Lunchbox Cyberdeck Is A Tasty Build

One of our favorite things about the cyberdeck concept has got to be the versatility of this mobile computing medium. Some cyberdecks lean toward making the user into a full-on Snow Crash gargoyle, and others are more fold-and-go like laptops. This discreet deck from [Andres Borray] looks as though it might have a PB&J and a bag of chips inside.

Instead, there’s a Gherkin. What? For the uninitiated, that’s a handmade 40% 30% mechanical keyboard right there and it’s called the Gherkin. It has more keys than it appears, thanks to layers in the firmware. By long pressing any key on the bottom row, the entire map changes to access stuff like numbers and F keys.
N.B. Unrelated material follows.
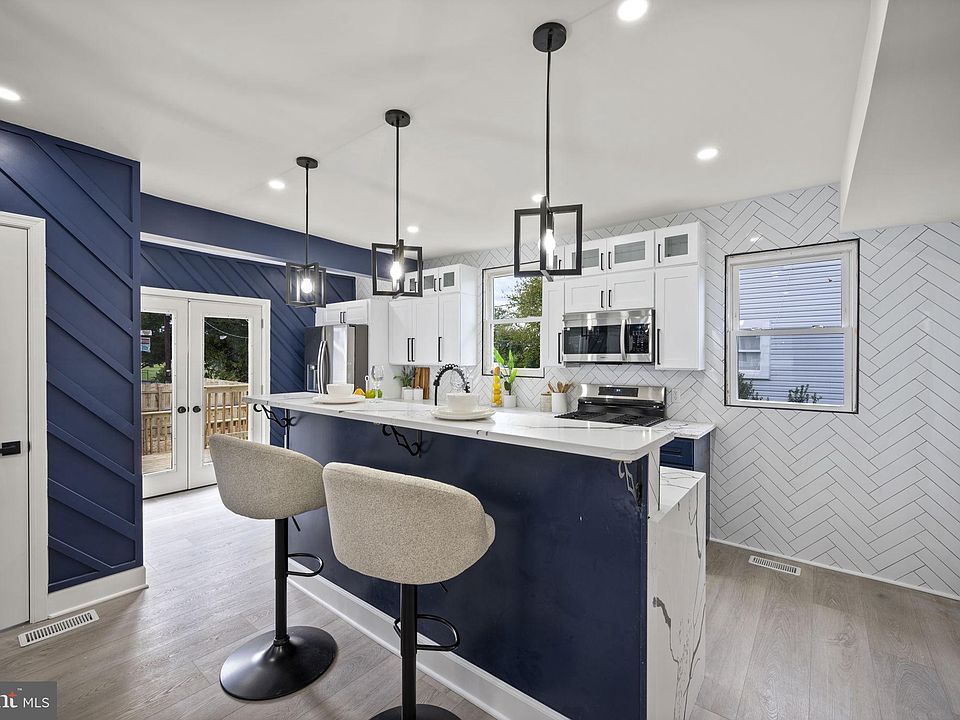 Sleek finishesSpacious main levelThoughtful designCustom two-tone cabinetryDetached garagePrivate drivewayLarge windows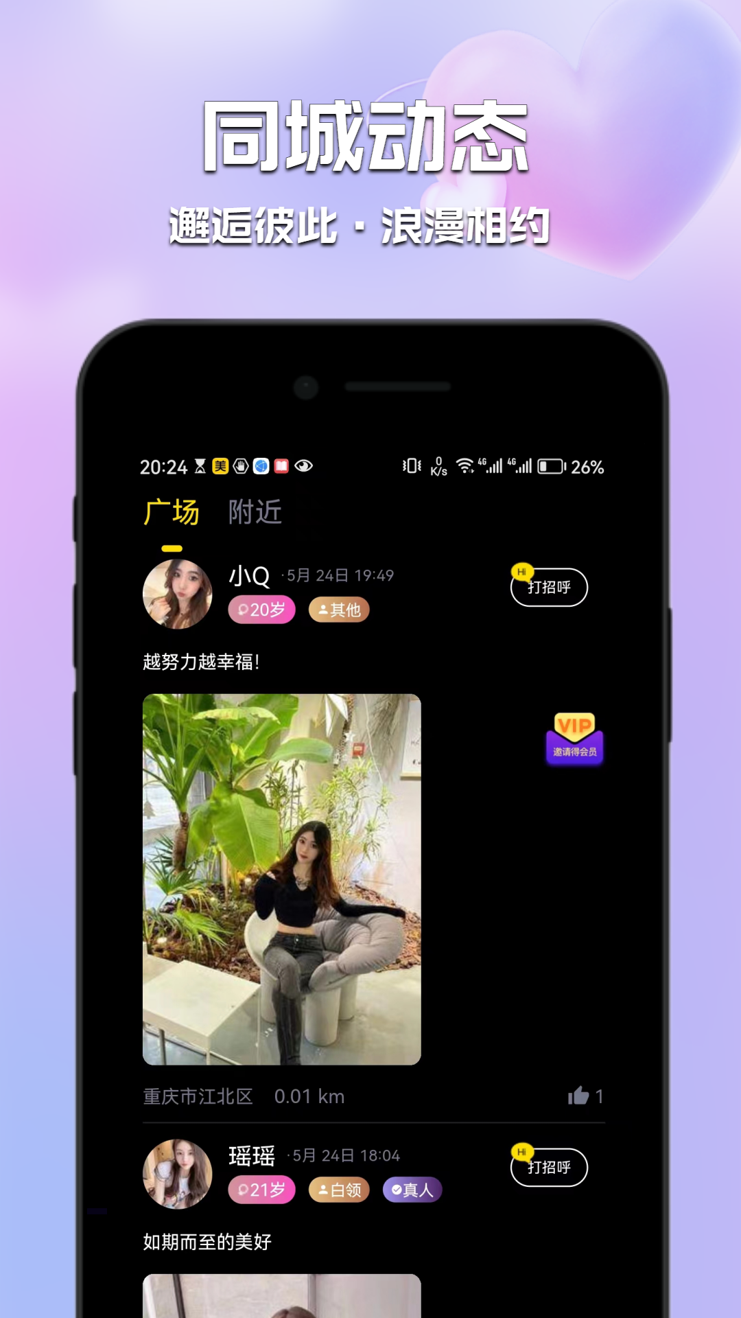 1、基于LBS地理位置服务,精准显示附近用户的动态信息,快速找到心仪的TA;

This lunchbox is powered by a Raspberry Pi 4 and uses the official Pi display with the touch input enabled. Even so, there’s a baby trackball right there under the thumbs. [Andres] designed and printed panels for both sides to mount everything, and those files will be available soon along with a more detailed build log.

You can do anything you want with a cyberdeck build — it’s kind of the point. Want to program microcontrollers wherever? Get your feet wet with a cyberduck.

Via reddit

25 thoughts on “Lunchbox Cyberdeck Is A Tasty Build

    1. Thanks! Because of the smaller scale of the box, I couldn’t add a fan. I also wanted to ensure that the box remained waterproof and had a tight seal when closed so vents were out of the question. I ended up using some thermal paste and heatsinks which have worked extremely well thus far. I use the lunch box primarily for short coding sessions on the couch so there hasn’t been anything too intensive.

  1. Dang it, wish I hadn’t dismantled mine now that this is becoming a whole thing! I had one with a proper x86 system and desktop GPU. Dual 4k screens. PSU and all were in the case. C’mon, let’s see some decks that aren’t built around the raspberry pi! But this is great. I also took advantage of a pelican case-type setup.

    1. I think it IS a 30%. In fact, in the article, it says,
      “It’s called The Gherkin and it was created by the good folks at 40percent.club. It’s a 30% ortho-linear keyboard (buttons are in a grid, not staggered).”
      There may have been some confusion from the words “40percent” being in the same statement.

      1. It’s pretty cool seeing something you’ve built on a blog you frequent. Thanks for posting about my lunchbox Kristina! Any chance you could add my name to the article? Would help if I’m ever looking to transition into the lunch box building industry and they search to confirm that I can, in fact, build lunchboxes. Thank you! :)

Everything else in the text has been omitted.